1. Signal clipping:    signal cut once it exceeds an amplitude threshold
                       (the min-max range set before EDF conversion was 
                       too narrow)
2. Bit depth:          signal shows a stair-like progression (the min-max
                       range set before EDF conversion was too wide)
3. Inverted polarity:  signal multiplied by -1 

The present script is semi-automated: for each subject and channel,
figures are plotted to make a visual inspection.

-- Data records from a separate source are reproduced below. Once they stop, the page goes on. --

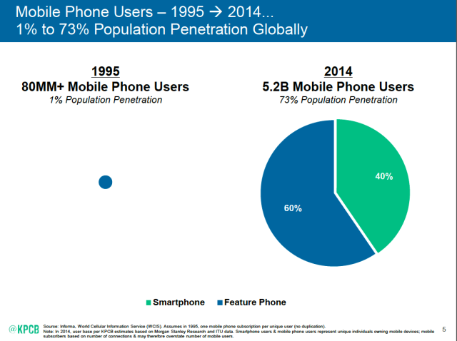 Meanwhile, there are 5.2 billion mobile phone users, up from 80 million in 1995.
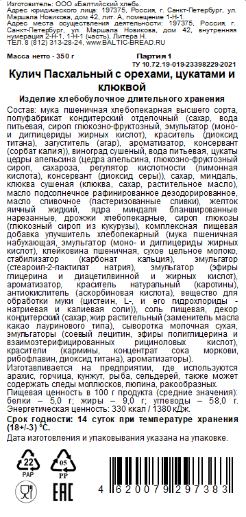 Кулич Пасхальный Балтийский хлеб орехи, цукаты и клюква, 350г
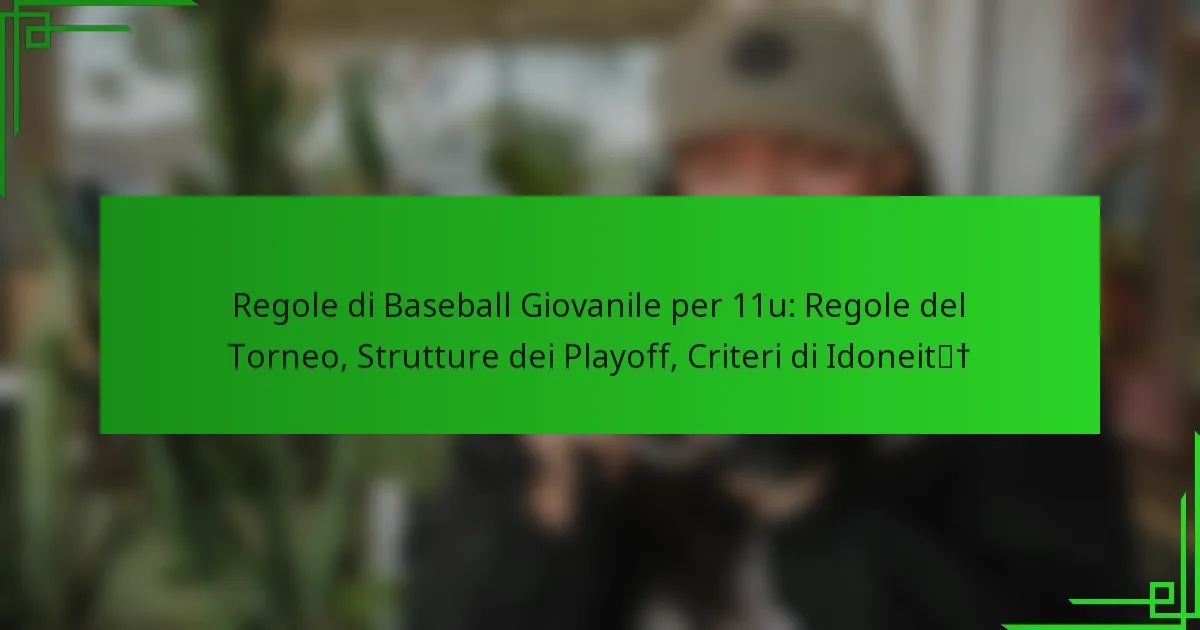 Le regole del baseball giovanile per i tornei 11u sono stabilite per promuovere una competizione leale e fornire un ambiente strutturato per i giovani giocatori. Queste normative comprendono la durata delle partite, i limiti di lancio e linee guida uniche per i tornei che differiscono dal gioco della stagione regolare. Inoltre, comprendere le strutture dei playoff e i criteri di idoneità è fondamentale per le squadre che mirano a competere in modo efficace e soddisfare tutti i requisiti necessari.
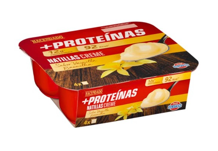 Las Natillas creme sabor vainilla en su gama +Proteínas de Hacendado se elaboran en Francia con el objetivo de mejorar el aporte proteico. Con esto, se trata al mismo tiempo de reducir el azúcar añadido y las grasas menos sanas que tendrían los lácteos tradicionales. Su principal ingrediente es la leche desnatada y está edulcorado, aporta 12 gramos de proteínas de alto valor biológico y 92 kcal de energía. Su precio es algo más elevado, 1,60 euros, pero el pack incluye cuatro unidades. Un alimento muy tentador para seguir una dieta equilibrada.
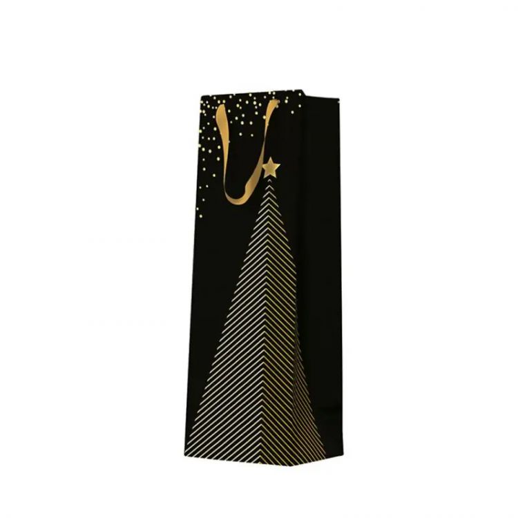 Darčeková taška vianočná 10x7x22 cm Golden Christmas Trees black

Problematic files are
stored in a table.

In [1]:
# Import libraries
import os
from ipywidgets import AppLayout
import ipywidgets as widgets
from IPython.display import display
from tqdm.notebook import tqdm

import numpy as np
import pandas as pd
import seaborn as sns
import matplotlib.pyplot as plt

import mne



In [3]:
plt.rcParams["figure.figsize"] = (8,5)

def plot_channels_histograms(data, ch_name, estimator=lambda x: x):
    unit = data._orig_units[ch_name]

    scaler = 1e+6 if unit == 'µV' else 1e+3
    X = data.get_data([ch_name])[0]
    X = estimator(X * scaler)

    # Plot figure
    sns.histplot(
        X,
        stat='percent',
        bins=500
    )

    max_x = X.max() + abs(X.max())*0.05
    min_x = X.min() - abs(X.min())*0.05
    plt.xlim(min_x,max_x)
    plt.ylabel('Data points distribution (%)')
    plt.xlabel(f'Amplitude ({unit})')

def plot_channels_correlation(data):

    sns.heatmap(
        pd.DataFrame(
            data.get_data().T,
            columns=data.info['ch_names']
        ).corr(method='pearson')
    )

In [4]:
layout = {
    'border': '1px solid',
    'padding': '10px'
}

SELECT_CHANNEL = 'Select channel'
SELECT_FILE = 'Select file'

out_correlations = widgets.Output(layout=widgets.Layout(**layout))
out_distributions = widgets.Output(layout=widgets.Layout(**layout))
out_selectors = widgets.Output(layout=widgets.Layout(**layout))
out_summary = widgets.Output(layout=widgets.Layout(**layout))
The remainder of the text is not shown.